Embracing enterprise DevOps

Don’t treat DevOps as an implementation project, says Accenture’s Mirco Hering

The discussion around enterprise DevOps has matured significantly over the last two or three years according to Mirco Hering.

But while many organisations are keen to embrace the idea, far fewer have successful embraced it at a strategic level says Hering, the APAC lead for Accenture’s DevOps and Agile practice.

“What I call enterprise DevOps is really the end-to-end, overall strategy to make sure that these different things fit together, as well as the implementation of technical practices, cultural change, change management to bring developers and operations and the system admins on that journey,” he says. “That’s what only a few organisations are really doing at the moment.”
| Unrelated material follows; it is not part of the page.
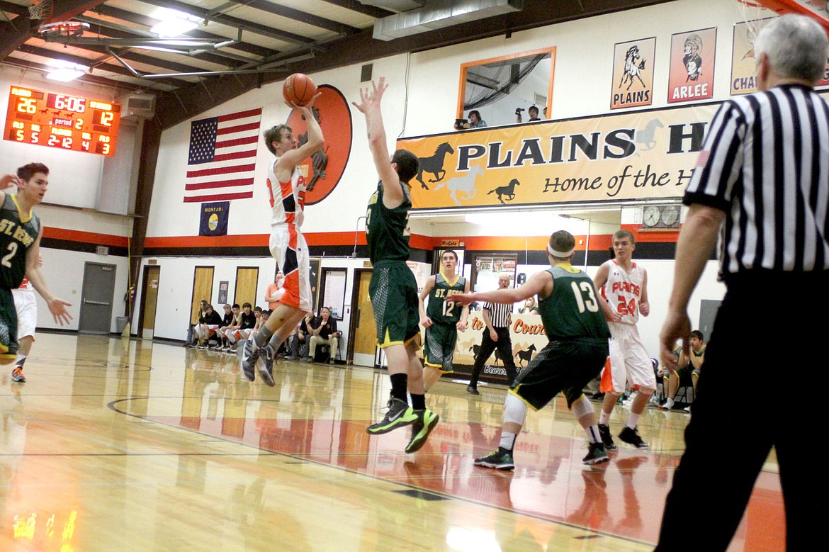 Cole Benson leaps to make a shot past one of St. Regis’ defenders during the Horsemen’s home game.
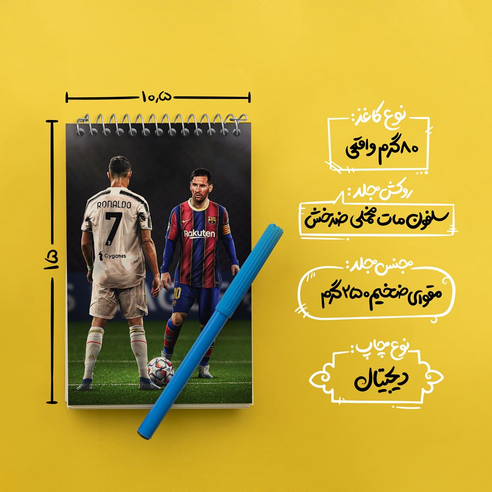 برند خندالو در زمینه تولید انواع دفاتر فانتزی و تحصیلی فعالیت میکند که به دلیل جذابیت ظاهری و طرح های متنوع طرفداران زیادی دارد. دفتر یادداشت خندالو طرح کریستیانو رونالدو و لیونل مسی محصولی مناسب برای همه عاشقان لوازم التحریر است و همچنین همه کسانی که بنا به موقعیت تحصیل یا شغلشان با دفتر و نوشت افزار زیاد سر و کار دارند. در تولید دفتر یادداشت خندالو طرح کریستیانو رونالدو و لیونل مسی از نوع صحافی فنر مارپیچ استفاده شده که در این نوع صحافی برگهها به راحتی چرخیده و یا بیرون آورده می شوند. دفتر های خندالو دارای جلد انعطاف پذیر از جنس مقوای گلاسه 250 گرم با روکش سلفون مات مخملی است که به شما امکان میدهد از دفتر خود بدون اینکه نگرانی از شکستن یا خراب شدن جلد را داشته باشید استفاده کنید و همچنین در این دفاتر از کاغذ 80 گرم با کیفیت استفاده شده که باعث میشود هنگام نوشتن به خوبی جوهر قلم بر روی صفحه نشسته و از خط خوردگیها جلوگیری کند. دفتر یادداشت خندالو با جنس و دوام مناسب، برگه های کاملاً سفید و خطوط طوسی دقیق را داراست که انسان را به نوشتن منظم و زیبا ترغیب میکند. طراحی کاملاً مناسب این دفاتر، به همراه کیفیت بالا، از آن یک محصول مورد علاقه و قابل اعتماد برای همه مقاطع تحصیلی میسازد. دفتر یادداشت خندالو طرح کریستیانو رونالدو و لیونل مسی انتخابی هوشمندانه و مناسب برای افرادی است که به دنبال دفتری با کیفیت و کاربرد عالی هستند. این دفتر، همراه خوبی برای شما در تمام مراحل تحصیل و کار خواهد بود و تجربهای لذتبخش از نوشتن و آموختن را به شما هدیه میدهد.

“The pressure is on the CIO to do more with less and do it faster,” Hering says. “I think that’s where they start looking for new solutions and DevOps seems to offer the silver bullet. What people tend to not understand is that it’s a transformation – it’s not an implementation project where you just implement a specific tool or a specific practice.”

“You really have to change the way that your organisation responds and it’s very often bundled with Agile, so that you bring business closer to IT and then make IT more responsive,” Hering says.

Along with treating DevOps as an implementation project — “We’re going to implement DevOps and then after 12 months we are done” — another misstep he often sees is people declaring success too early on their DevOps journey.

“It’s a bit like Agile was, when as soon as post-it notes were all over the wall people said ‘Agile is done’,” he says.

“‘We’ve installed Jenkins, we have CI, we’re now using AWS, it means we’re DevOps.’ I think it requires experience to understand how far you can push these solutions, and how far you can really go, so that you’re not declaring success too early and then falling back into old patterns.”

Driving change

Hering says that where he’s seen the best results, implementing DevOps-inspired transformations has been both a top-down and bottom-up process. “You have to have support from the top and you have to create a bit of a movement from below,” he says.

A tool that Accenture has found particularly useful is value stream mapping (VSM), he says.

“We have the CIO and representatives from all parts of IT and we map out the end-to-end process for IT delivery, from idea in the business all the way until it is running in production and being supported,” he says.

“We then go through all the different activities that will fall into that, we go through the cycle time for specific activities, we highlight areas where you have quality concerns or there’s a lot of rework. That gives you a good map of where you should start looking – where should you use the big toolbox that DevOps has to start making life better.”

“You really focus on things that are hurting at the moment,” he says. “Then on the flip side you do change management to make sure that people actually understand what continuous integration is, what continuous delivery is, how to do test automation well. For all of those there’s a lot of misconceptions out there and I think that change management component is very important.”

“It’s really a big transformation that you’re getting into, but you can take it one bite at a time.”

Conquering legacy

“We see two strategies we are helping clients to explore” when it comes to dealing with legacy systems, says Mirco Hering.

One is putting an API layer in front of them.

“I think that’s what’s very popular at the moment,” he says. “We’re working with a government client and they have a big old mainframe system. The way that they’re enabling their digital services is by providing a service layer where those mainframe services are abstracted. So when you go in and request a new visa it basically consumes a bunch of mainframe services but they can continue reworking the workflow and the user engagement without actually having to change the mainframe.”

The other approach is the so-called ‘strangler pattern’: “The idea there is that you take a big application and you carve things out of it until that old application disappears. Rather than doing a big change and transforming it, you carve out the user registration and do it somewhere else, and then you carve out let’s say the shopping cart and put it somewhere else. You use that model to make the legacy smaller and smaller over time.”